BEDFORD NEWS IN BRIEF

  • Motorman Harry Cook left this week for Perry, Me., where he will spend his annual vacation.
  • Mr. and Mrs. A. E. Walker and son Floyd motored to Provincetown on Thursday and returned Saturday.
  • Mrs. Emory Walker returned Saturday after an extended vacation spent with relatives at Palmer.
  • George Hart, Gavin Taylor, John W. Flood, and Andrew Hartwell spent Tuesday smelt fishing at Stony Beach, Nantasket.
  • Misses Jesse McGregor and Alice Knowlton of Boston were guests for a few days of the week at the home of Mr. and Mrs. Oliver Trees, Randell Rd.
  • Miss Concettina Albani spent the weekend with relatives and friends in Wakefield.
  • Private Henry Clare Isnor has been reported deaf from the explosion of a big gun.
  • 2nd Lieut. Samuel Loomis, who is stationed at Fort Strong, was a recent visitor in town.

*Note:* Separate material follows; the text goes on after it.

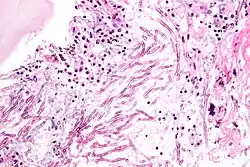 - ^ Rob, Filip; Školoudík, Lukáš; Chrobok, Viktor; Dědková, Jana; Kašparová, Petra; Podrazilová, Lucie (3 October 2022). "Invasive Aspergillus infection of middle ear in a patient treated with secukinumab, methotrexate, and corticosteroids for psoriasis and psoriatic arthritis". Journal of Dermatological Treatment (in Czech). 33 (7). Prague, Czech Republic: University Hospital Hradec Králové: 3063–3065. doi:10.1080/09546634.2022.2104442. PMID 35856655.

  • Gerald Munroe, the American express agent here, is suffering from an attack of Spanish influenza.
  •  Private Francis J. Kelley, of the State college in Kingston, R. I., was the guest of relatives on Concord Rd. Sunday.
  • The board of registrars met in the town hall Friday to assist the men in the recent draft in filling out their questionnaires.
  • A number here attended the home garden exhibit of the Lexington school children in the Lexington town hall Saturday afternoon.
  • The greater part of the townspeople attended the reception tendered to the new principal of the Bedford grammar school and his wife, Mr. and Mrs. Brown, which was held under the auspices of the Parent-Teachers’ association in the Assembly hall of the schoolhouse Thursday evening.
  • One Charlestown man is thankful for the present Harvest Moon. Joseph E. Donovan, who is going to have to stay away from his winter home late into the fall to harvest crops on his farm in Bedford. “Joe” is working nights just now getting in his squashes.